About this task -> Going from the top of the listing below to the line that holds "Figura 1: Espejo del baño de hombres", reproduce each line exactly; no pictures.

Source data ->
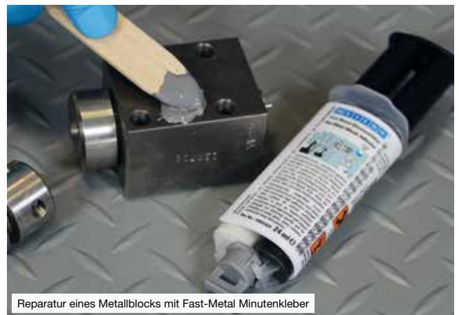
Reparatur eines Metallblocks mit Fast-Metal Minutenkleber
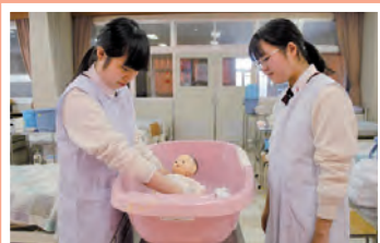
人体と看護の授業
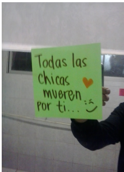
Figura 1: Espejo del baño de hombres

Día 4: 23.15 hrs. Estoy cepillándome los dientes en el baño de hombres, justo antes de irme a dormir y que se haga el llamado a silencio dentro de la escuela. Las instalaciones muestran la suciedad y desorden propios del final del día y el uso intensivo antes de la acostada. Al entrar en la zona de los lavamanos puedo comprobar que en los espejos han sido dispuestos unos post-it con algunos mensajes que buscaban -supongo- amenizar la experiencia y personalizar el espacio. Probablemente habían sido dejados por la cuadrilla que esa mañana había limpiado los baños. Puedo leer pequeñas frases que tienen por objeto subir la autoestima de los varones que ocupábamos ese lugar (figura 1). Intrigado, me pregunto si en el baño de las mujeres habría algo parecido. Una vez afuera, le pido a una de las estudiantes con las que trabajé en la mañana que me hiciera el favor de tomarles fotografías con mi teléfono móvil a los mensajes que pudiera haber en el baño de mujeres. Después de 3 minutos compruebo que allí también había post-it, pero que la naturaleza de los papeles pegados era completamente distinta: mientras a ellas se les daban consejos para cuidar su aspecto (figura 2), a nosotros se nos hablaba del deseo que podíamos provocar en las mujeres, sin tener que hacer nada para atender nuestra apariencia. (Anotación cuaderno de campo. Martes 6 de enero de 2015)
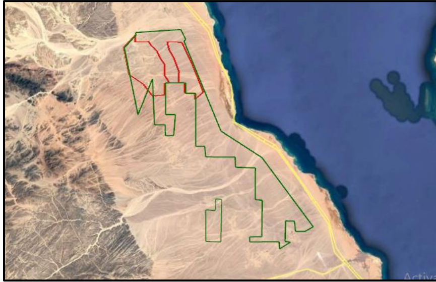
الشكل: 2 موقع المشروع (الأحمر) جزء من مساحة 284 كم 2 المخصصة لتطوير مشروعات مزارع الرياح

Exercise answer ->
Reparatur eines Metallblocks mit Fast-Metal Minutenkleber
人体と看護の授業
Figura 1: Espejo del baño de hombres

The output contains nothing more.